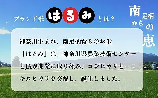 神奈川生まれ、南足柄育ちのお米「はるみ」は、神奈川県農業技術センターとJAが開発に取り組み、コシヒカリとキヌヒカリを交配し、誕生しました。
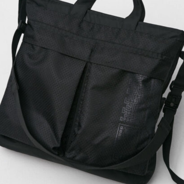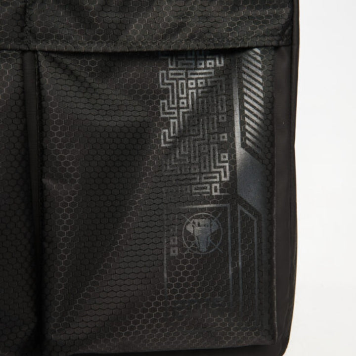A spacious bag with multiple pockets. The main compartment has a zipper closure. Inside, there is a pocket for a laptop up to 16 inches, a small items pocket, and another zip pocket. On the outside, the bag has patch pockets on both sides: three on one side and two on the other, one of which has a black print. The side walls and bottom expand in width thanks to a zipper that can be unzipped.
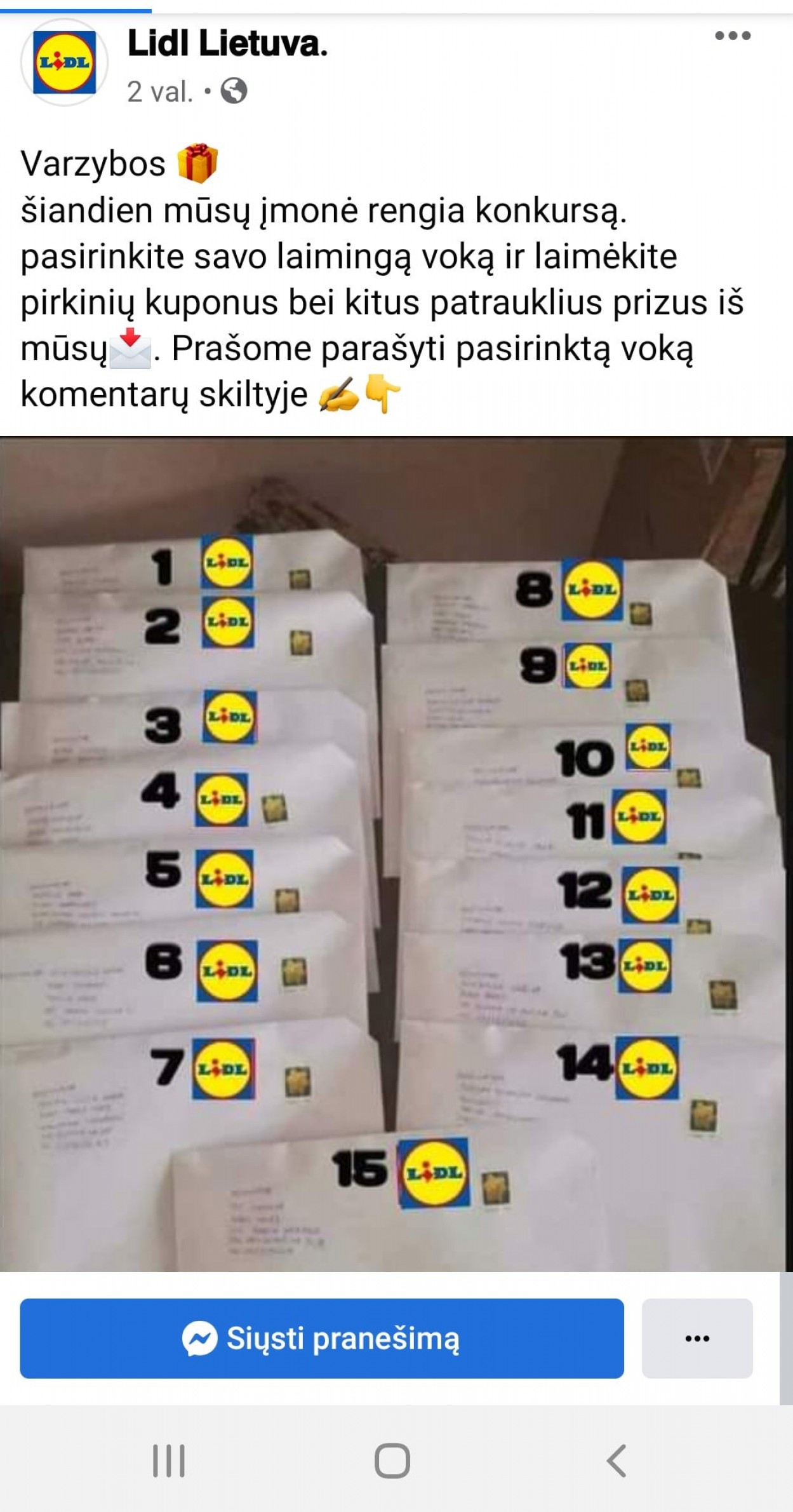 Šiuo metu sukčiai vėl intensyviai socialiniame tinkle „Facebook“ kuria vis naujus netikrus puslapius "Lidl Lietuva" vardu, kuriuose skelbia "konkursus". Primename jau anksčiau skelbtą informaciją apie konkursus socialiniuose tiksluose, rašoma virtualaus policijos patrulio ,,Facebook" paskyroje.
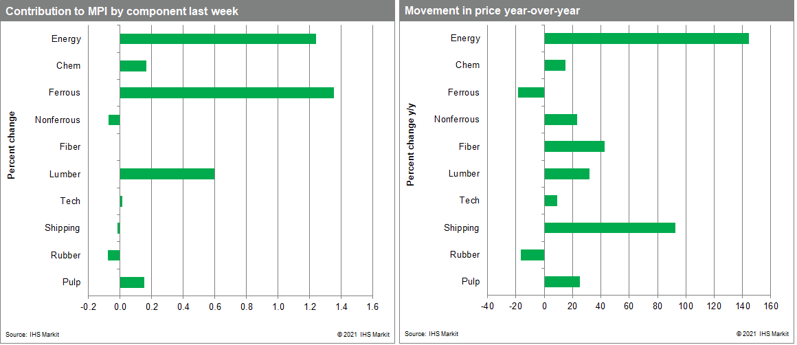 Iron ore, energy, and lumber price increases were most notable last week. Our ferrous sub-index was up 4.5%, a third consecutive weekly increase. Iron ore prices reached $108 per tonne as markets reacted positively to strong import figures into mainland China. Official data showed that iron ore imports increased 14.6% from October to November which was interpreted as a sign that steel demand would increase in early 2022. However, the Chinese economy is facing major headwinds (with the potential collapse of major developer Evergrande a real threat) which will likely reduce the need for steel. Our energy sub-index was up 5.7% last week as the crisis in European natural gas markets continues. Inventory levels in Europe are currently 10% lower than seasonal norms and exports from Russia remain low by historic standards pushing UK spot landed prices of liquefied natural gas (LNG) to $34/MMBtu, up from $30 the previous week. With little change expected this winter, elevated prices could last well into the summer. Prices for lumber also rose strongly with our sub-index recording a 15% gain. Mudslides in British Columbia, which provides 14% of total US lumber, have blocked deliveries; and the Biden Administration's doubling of tariffs on Canadian imports has triggered a fresh spike in prices.
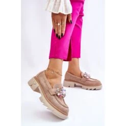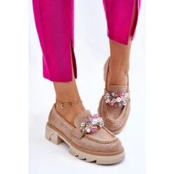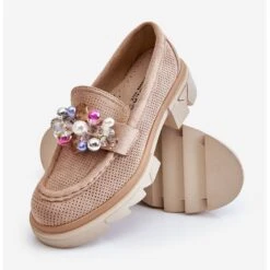 Les chaussures de style mocassin pour femmes à la mode ont été montées sur un talon plat massif et une plate-forme. Décoré de perles sur le devant. Fait d’un matériau ressemblant à du daim écologique. La semelle intérieure souple en cuir naturel assurera le confort lors de l’utilisation. Tige à motif ajouré. Un excellent modèle pour de nombreux styles. Parfait pour la saison printemps-automne ! Lorsque vous choisissez une taille, veuillez utiliser le tableau des tailles.
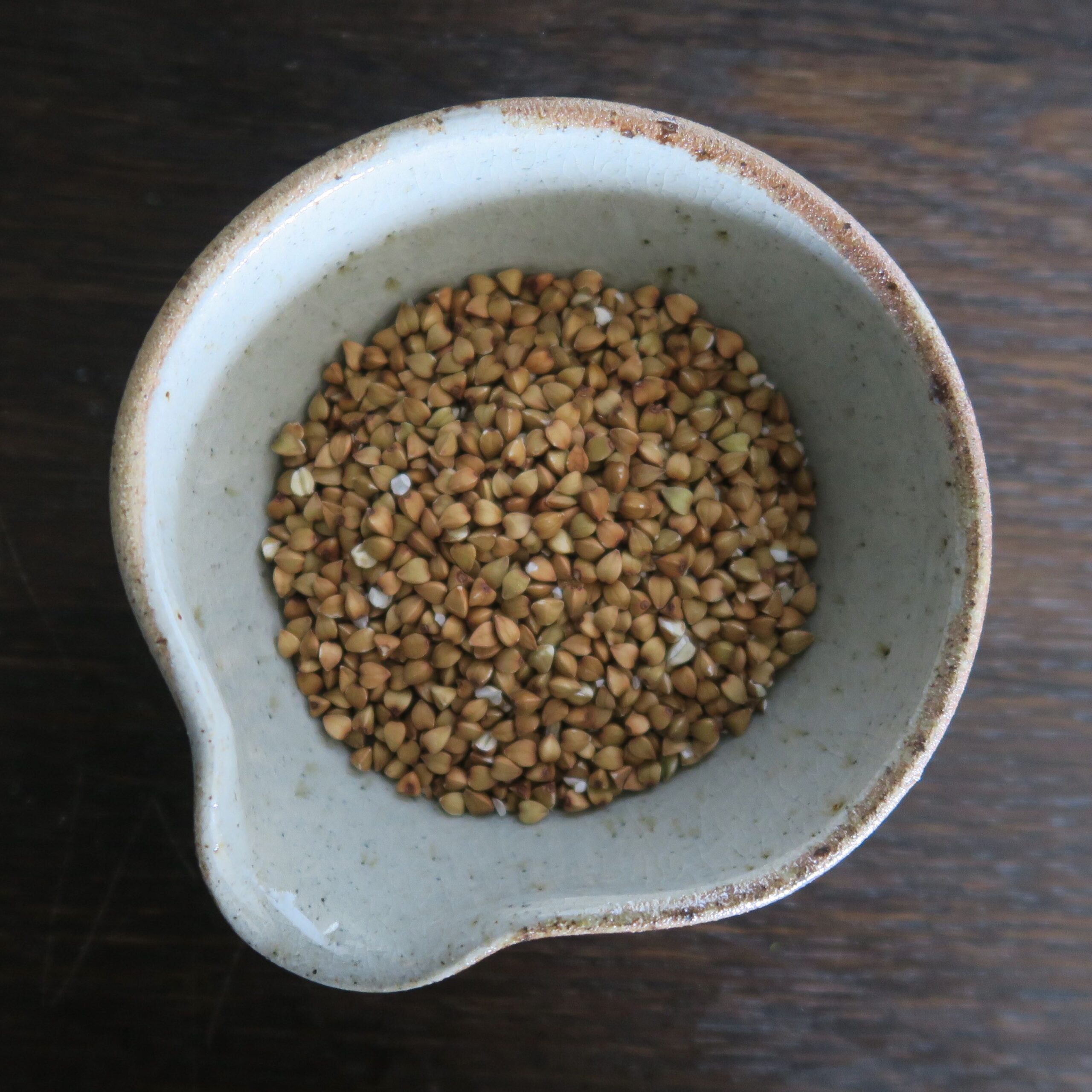 Und so geht’s: Den Buchweizen kurz im Sieb unter kaltem Wasser waschen. Buchweizen und Wasser im Verhältnis 1:2 aufkochen, dann salzen, den Topf zudecken und bei geringer Hitze 15 Minuten quellen lassen, dann in eine Salatschüssel geben.
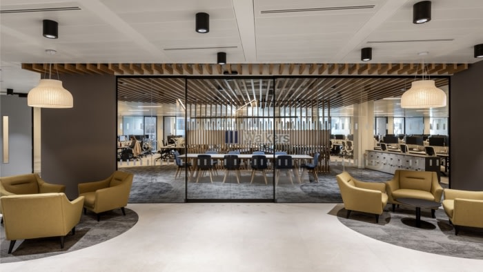 当员工进入主办公区时,迎接他们的是一个令人印象深刻的木板条品牌入口点,带有软垫座椅和两侧的大桌子,非常适合非正式会议和触地工作。整个空间都采用柔和的调色板,以保持专业而现代的感觉,利用其品牌标志性的蓝色色调,与他们的业务相得益彰。#办公空间设计案例#
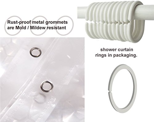 RUSTPROOF GROMMET: Rust resistant metal grommets and convenient for handling. 72''*72" standard size fits standard size bath. RUSTPROOF GROMMETS: 12 rust resistant metal grommets and convenient for handling. 72''*72" standard size fits standard size bath. Could used as shower curtain alone. Average weight: 16 oz. Average weight: 16 oz
###
- _PROMPT_
Transcribe the records in full and exactly. Pictures stay out.

- _RESPONSE FOR THIS EXERCISE_
 神奈川生まれ、南足柄育ちのお米「はるみ」は、神奈川県農業技術センターとJAが開発に取り組み、コシヒカリとキヌヒカリを交配し、誕生しました。
A spacious bag with multiple pockets. The main compartment has a zipper closure. Inside, there is a pocket for a laptop up to 16 inches, a small items pocket, and another zip pocket. On the outside, the bag has patch pockets on both sides: three on one side and two on the other, one of which has a black print. The side walls and bottom expand in width thanks to a zipper that can be unzipped.
 Šiuo metu sukčiai vėl intensyviai socialiniame tinkle „Facebook“ kuria vis naujus netikrus puslapius "Lidl Lietuva" vardu, kuriuose skelbia "konkursus". Primename jau anksčiau skelbtą informaciją apie konkursus socialiniuose tiksluose, rašoma virtualaus policijos patrulio ,,Facebook" paskyroje.
 Iron ore, energy, and lumber price increases were most notable last week. Our ferrous sub-index was up 4.5%, a third consecutive weekly increase. Iron ore prices reached $108 per tonne as markets reacted positively to strong import figures into mainland China. Official data showed that iron ore imports increased 14.6% from October to November which was interpreted as a sign that steel demand would increase in early 2022. However, the Chinese economy is facing major headwinds (with the potential collapse of major developer Evergrande a real threat) which will likely reduce the need for steel. Our energy sub-index was up 5.7% last week as the crisis in European natural gas markets continues. Inventory levels in Europe are currently 10% lower than seasonal norms and exports from Russia remain low by historic standards pushing UK spot landed prices of liquefied natural gas (LNG) to $34/MMBtu, up from $30 the previous week. With little change expected this winter, elevated prices could last well into the summer. Prices for lumber also rose strongly with our sub-index recording a 15% gain. Mudslides in British Columbia, which provides 14% of total US lumber, have blocked deliveries; and the Biden Administration's doubling of tariffs on Canadian imports has triggered a fresh spike in prices.
 Les chaussures de style mocassin pour femmes à la mode ont été montées sur un talon plat massif et une plate-forme. Décoré de perles sur le devant. Fait d’un matériau ressemblant à du daim écologique. La semelle intérieure souple en cuir naturel assurera le confort lors de l’utilisation. Tige à motif ajouré. Un excellent modèle pour de nombreux styles. Parfait pour la saison printemps-automne ! Lorsque vous choisissez une taille, veuillez utiliser le tableau des tailles.
 Und so geht’s: Den Buchweizen kurz im Sieb unter kaltem Wasser waschen. Buchweizen und Wasser im Verhältnis 1:2 aufkochen, dann salzen, den Topf zudecken und bei geringer Hitze 15 Minuten quellen lassen, dann in eine Salatschüssel geben.
 当员工进入主办公区时,迎接他们的是一个令人印象深刻的木板条品牌入口点,带有软垫座椅和两侧的大桌子,非常适合非正式会议和触地工作。整个空间都采用柔和的调色板,以保持专业而现代的感觉,利用其品牌标志性的蓝色色调,与他们的业务相得益彰。#办公空间设计案例#
 RUSTPROOF GROMMET: Rust resistant metal grommets and convenient for handling. 72''*72" standard size fits standard size bath. RUSTPROOF GROMMETS: 12 rust resistant metal grommets and convenient for handling. 72''*72" standard size fits standard size bath. Could used as shower curtain alone. Average weight: 16 oz. Average weight: 16 oz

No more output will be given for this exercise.